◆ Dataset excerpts
- Opening Delimiter -

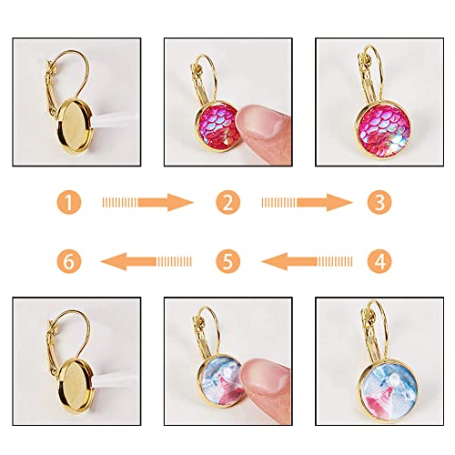PH PandaHall 30pcs 3 colori Cabochon in ottone con orecchini a leva con montatura a padiglione Lunetta con cabochon rotondi piatti da 30mm 12mm per orecchini fai-da-te Accessori
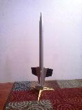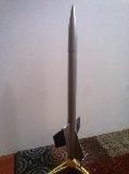 I recently built this clone o' t' Estes Orbital Interceptor after findin' t' fin patterns online. T' only major difference be t' use o' a BNC-50Y cone instead o' t' original plastic, due t' availability. That means me nose weight is a steel sinker epoxied into a bore in t' cone rather clay pressed into t' plastic. Paint is finished, but I haven't put t' decals on yet.
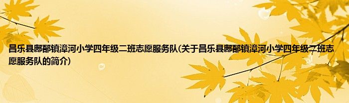 1、 昌乐县鄌郚镇漳河小学四年级二班志愿服务队是由昌乐县鄌郚镇漳河小学师生志愿服务队领导下的志愿团体。
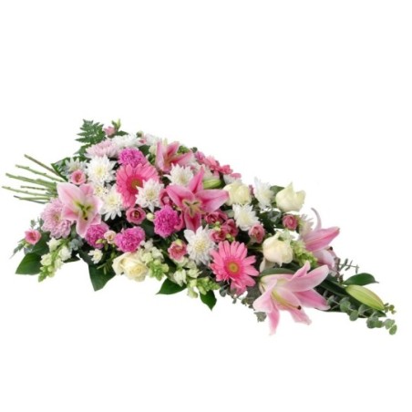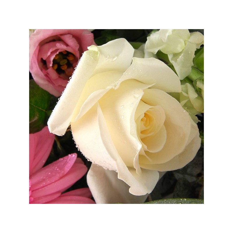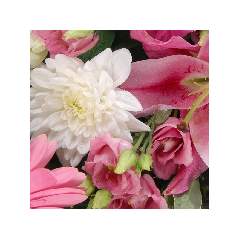 Gerbe piquée dans les tons blanc et rose composée de lys, roses, œillets et autre fleurs de saison le tout accompagné de feuillage.
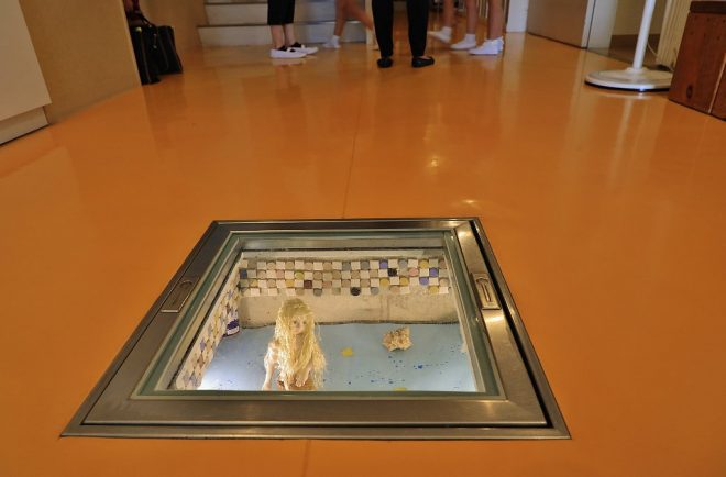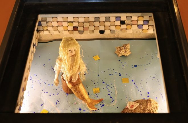 さらに近づいてみると、ドールや貝殻などが置かれたシュールな世界が広がっていました。収納という機能のない、いわば“床下アート”。小山さんたちの手によって、水槽同様に季節を意識した演出が施されていて、園児たちに人気があるそうです。水槽管理は無理でも、床下アートなら任せて!という、デザイン心のある小山さんの心意気なのかも知れません(笑)
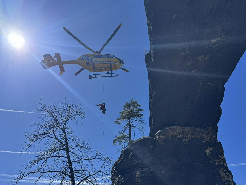 Vzhledem k náročnosti lokality a zdravotnímu stavu pacienta byl do akce okamžitě povolán i vrtulník. Celý zásah probíhá v unikátním, ale náročném prostředí pískovcových skal a vyžaduje maximální přesnost a souhru.
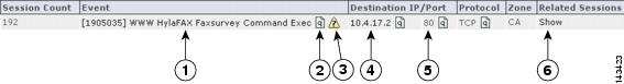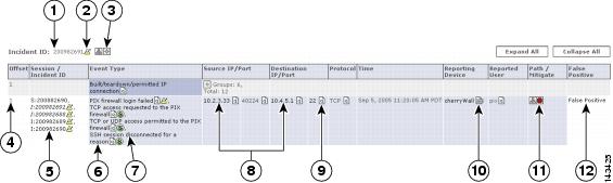 Each row of the Incident Details table represents either a session or the information common to a group of sessions. You can see all of the collapsed session information by clicking the plus signs to expand the group. You can expand or collapse all of the incident's information by clicking the Expand All or Collapse All buttons.
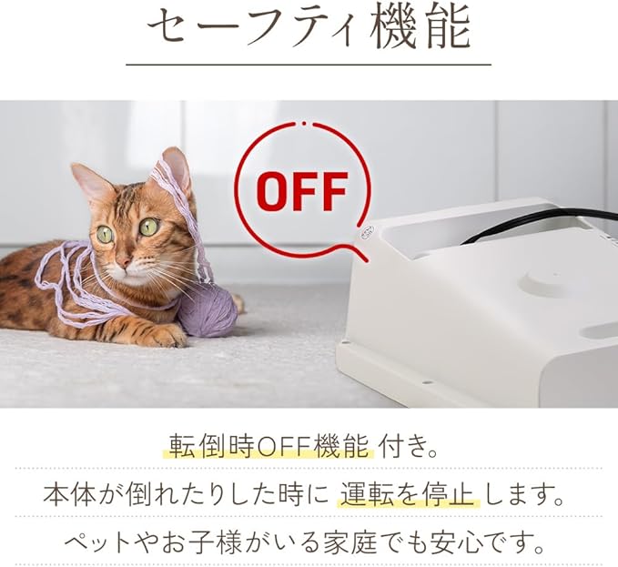 転倒防止OFF機能付き/本体が倒れたりした時に運転を停止します。ペットやお子様がいる家庭でも安心です。※転倒オフスイッチが内蔵しており
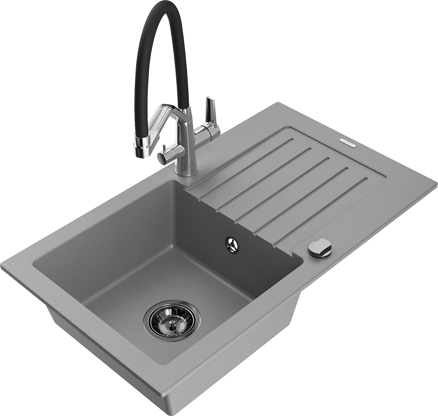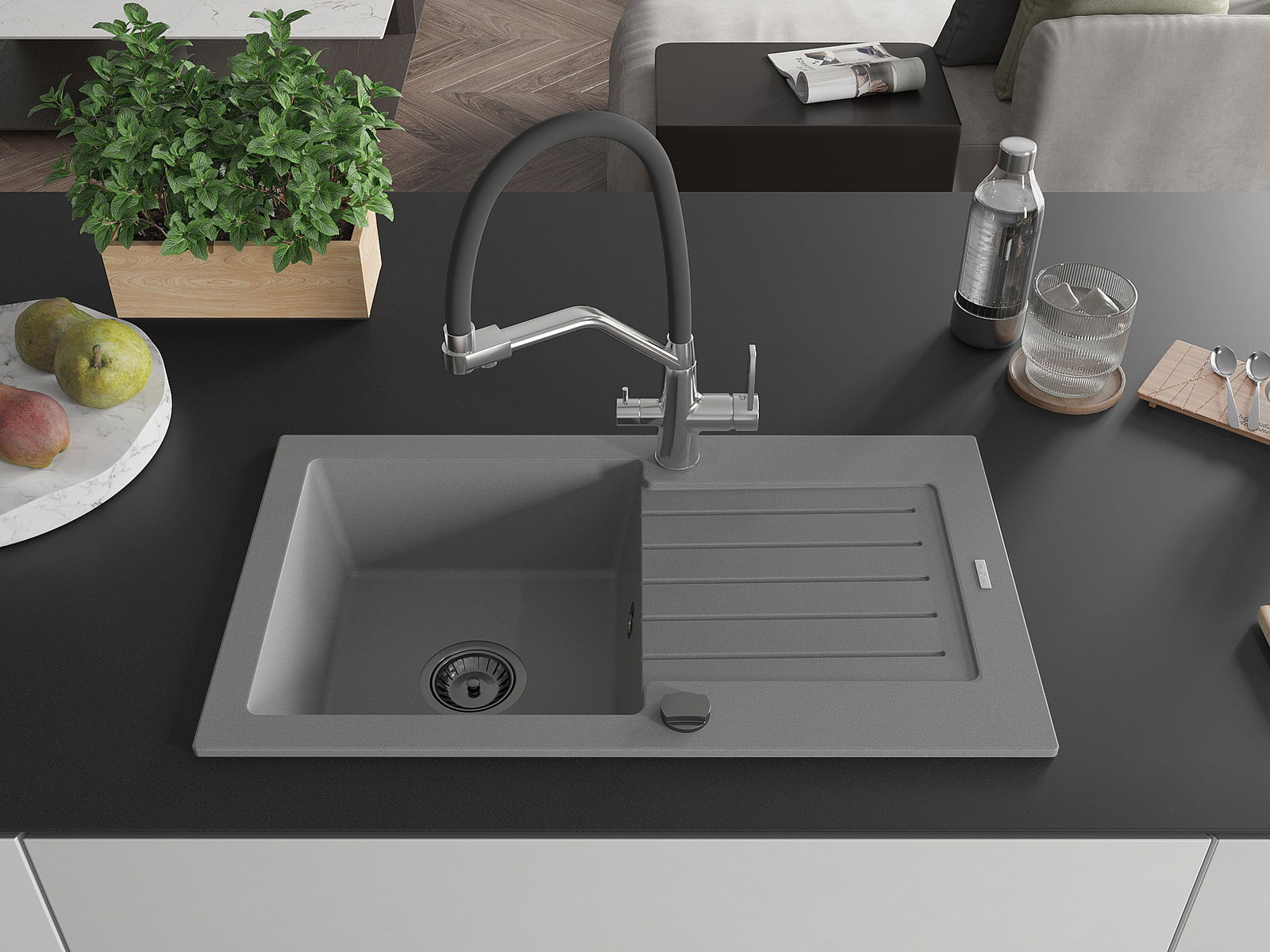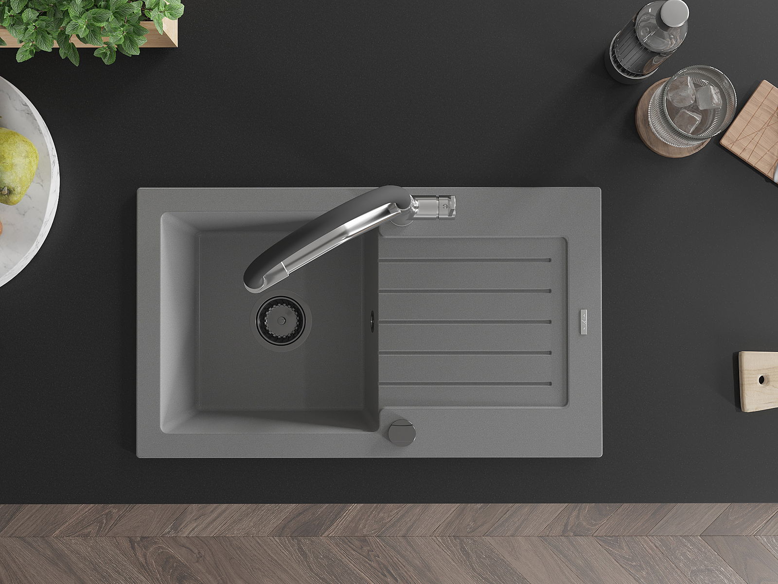 Mexen Pablo évier en granit 1 bac avec égouttoir et mitigeur cuisine Duo, gris - 6510-71-671701-07-B
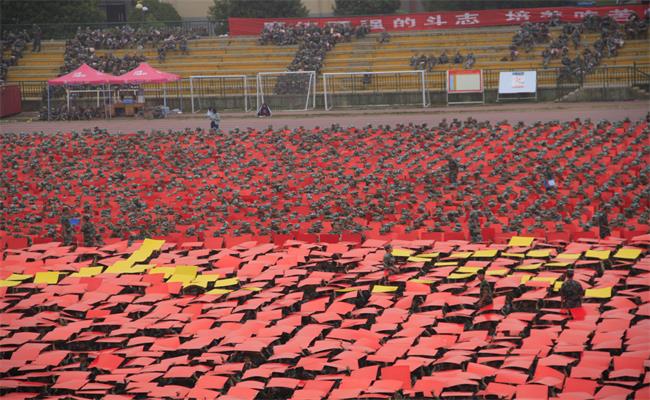 全体新生起立时,手中纸板随指令翻转,又形成一片片翻滚的波浪,蔚为壮观。当指挥官提示字形变换至“人文”时,新葡萄8883国际官网的新生们纷纷变换纸板颜色,瞬间,万千纸板如浪潮般从左往右涌动,“人文”的两个黄色大字在红色海洋中赫然出现。与此同时,新葡萄8883国际官网的全体新生热情高涨的呼声同步响起,“人文...人文...”的口号瞬间响亮了偌大的操场。此后,场上陆续又摆出了“科大”、科大校徽、科大英文名称缩写及“二0一七”等字样,场面浩大。
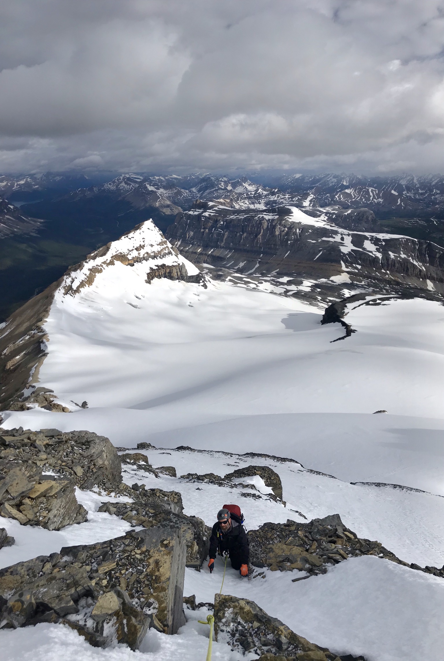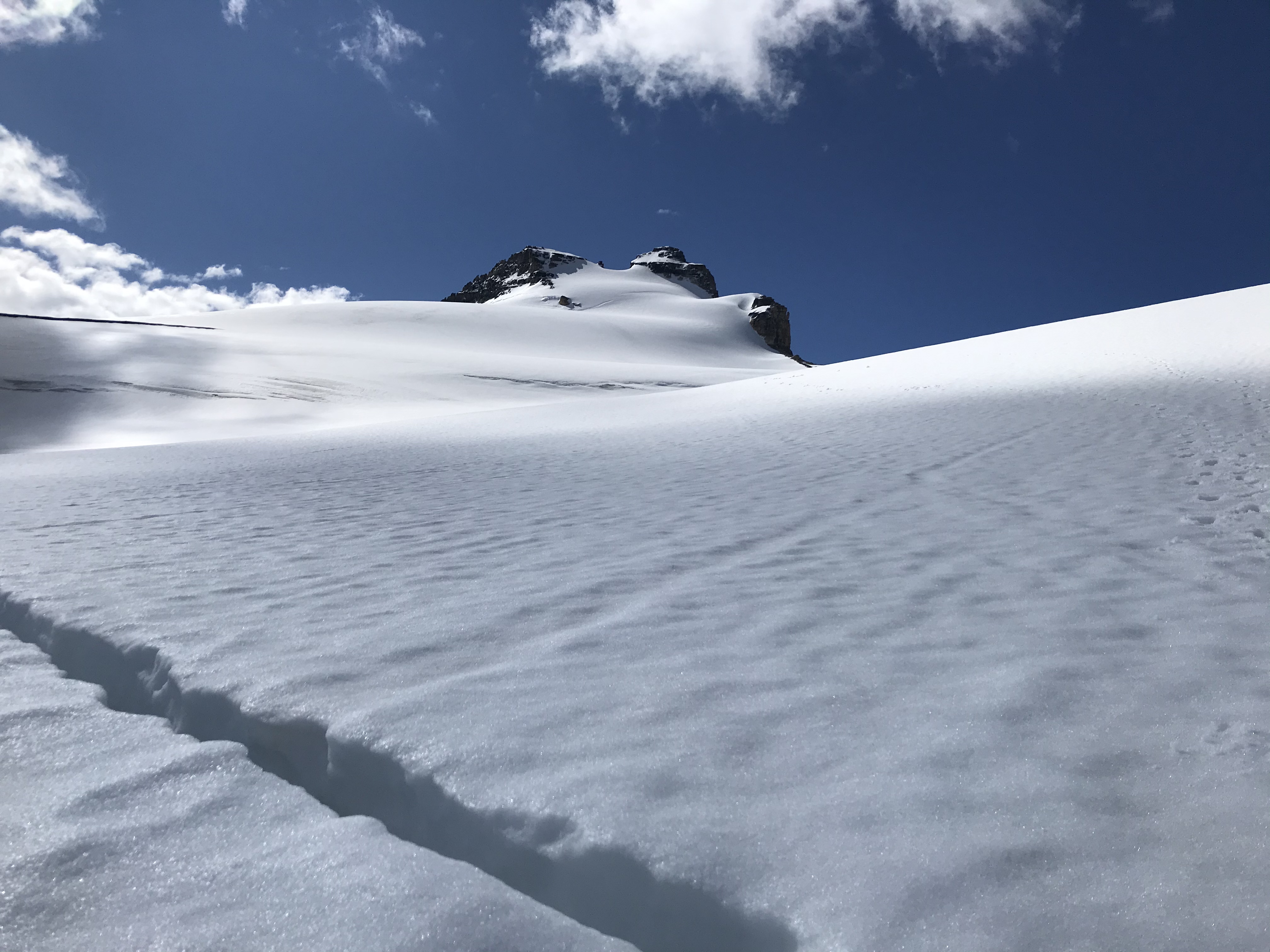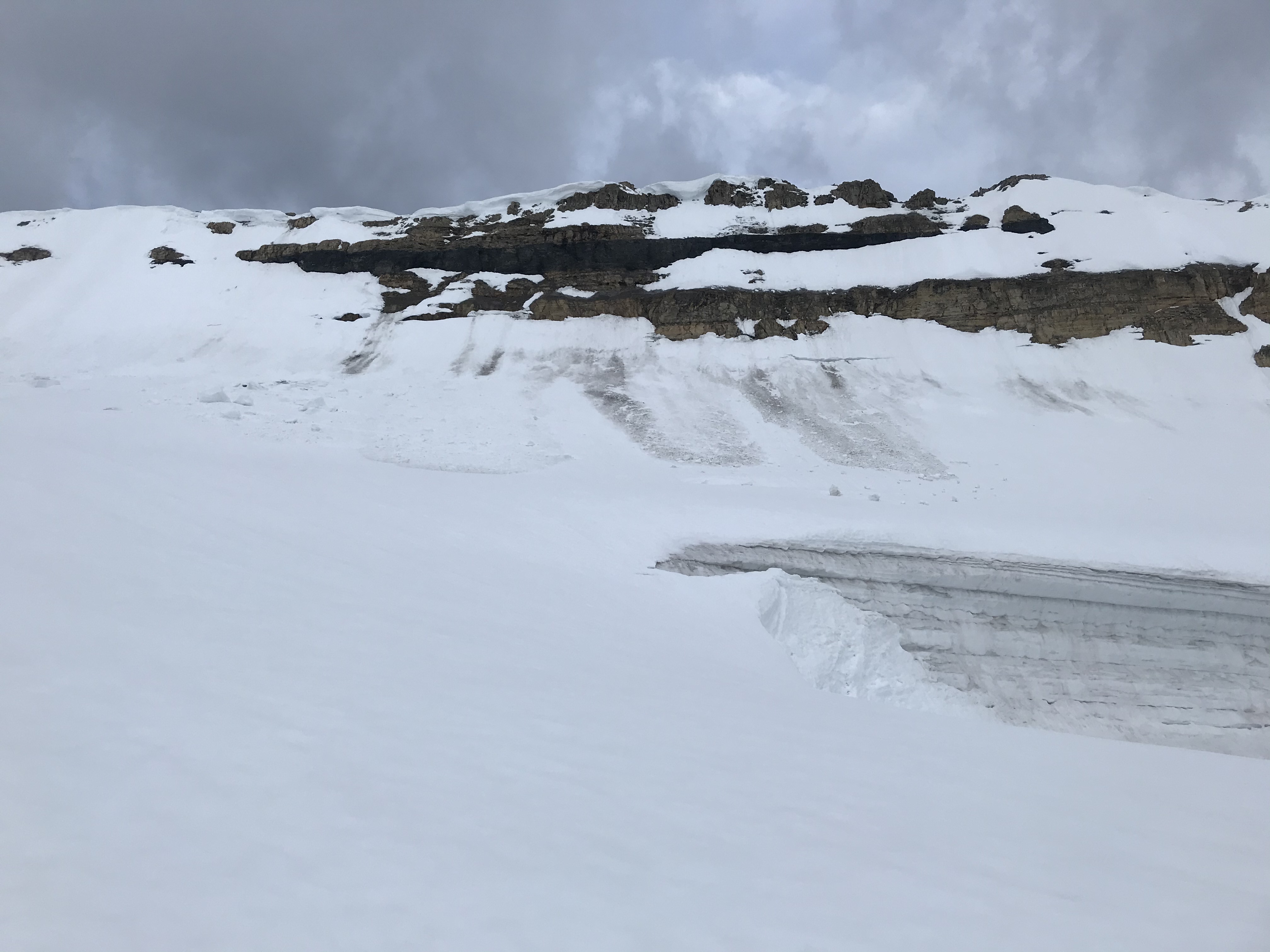 Guided an ascent on Mt. Hector today. We found great travel on the north glacier en route to the summit. Average snow depth was around 160cm with some sections higher up that were only holding 30cm. Some crevasses are starting to open up, while many others have visible sagging. Crampons were useful above 2900m where a melt freeze surface crust was encountered. We did bring avalanche gear and were very happy with the firm conditions we had today. No new avalanches were observed, though many old point releases were visible in the steep east (ENE) facing terrain between Hector and Little Hector (mostly solar triggered but some cornice trigger). Doing a bit of research before the trip, we heard of some loose wet avalanches in the area on polar aspects but did not see any signs of instability on the polar aspects we were on today. Still enough snow lingering around in many areas keep in tune with changing conditions and your avalanche danger. Timing is everything so do your research, be prepared, wake up early, finish early, and have some good plan B’s. We were back at the car just as the rain showed up.
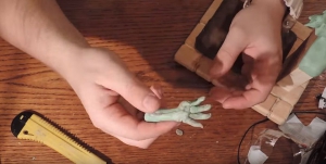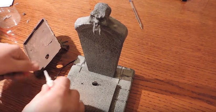 9. Приклеиваем накладку с рукой обратно к основанию.
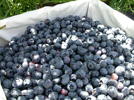 Our basket full of blueberries, the equivalent of two good-sized buckets. These are no-spray berries, and the prices are nothing like in the supermarkets; here they're just $1.50/lb... unless you pick more than 50 pounds, in which case you get a discount! |

- Closing Delimiter -

◆ PROBLEM TO SOLVE
Write back word for word every line in the entries above from the one with "Vzhledem k náročnosti" to the one with "Mexen Pablo évier", ends included, and none of the pictures.

◆ ANSWER BOX
 Vzhledem k náročnosti lokality a zdravotnímu stavu pacienta byl do akce okamžitě povolán i vrtulník. Celý zásah probíhá v unikátním, ale náročném prostředí pískovcových skal a vyžaduje maximální přesnost a souhru.
 Each row of the Incident Details table represents either a session or the information common to a group of sessions. You can see all of the collapsed session information by clicking the plus signs to expand the group. You can expand or collapse all of the incident's information by clicking the Expand All or Collapse All buttons.
 転倒防止OFF機能付き/本体が倒れたりした時に運転を停止します。ペットやお子様がいる家庭でも安心です。※転倒オフスイッチが内蔵しており
 Mexen Pablo évier en granit 1 bac avec égouttoir et mitigeur cuisine Duo, gris - 6510-71-671701-07-B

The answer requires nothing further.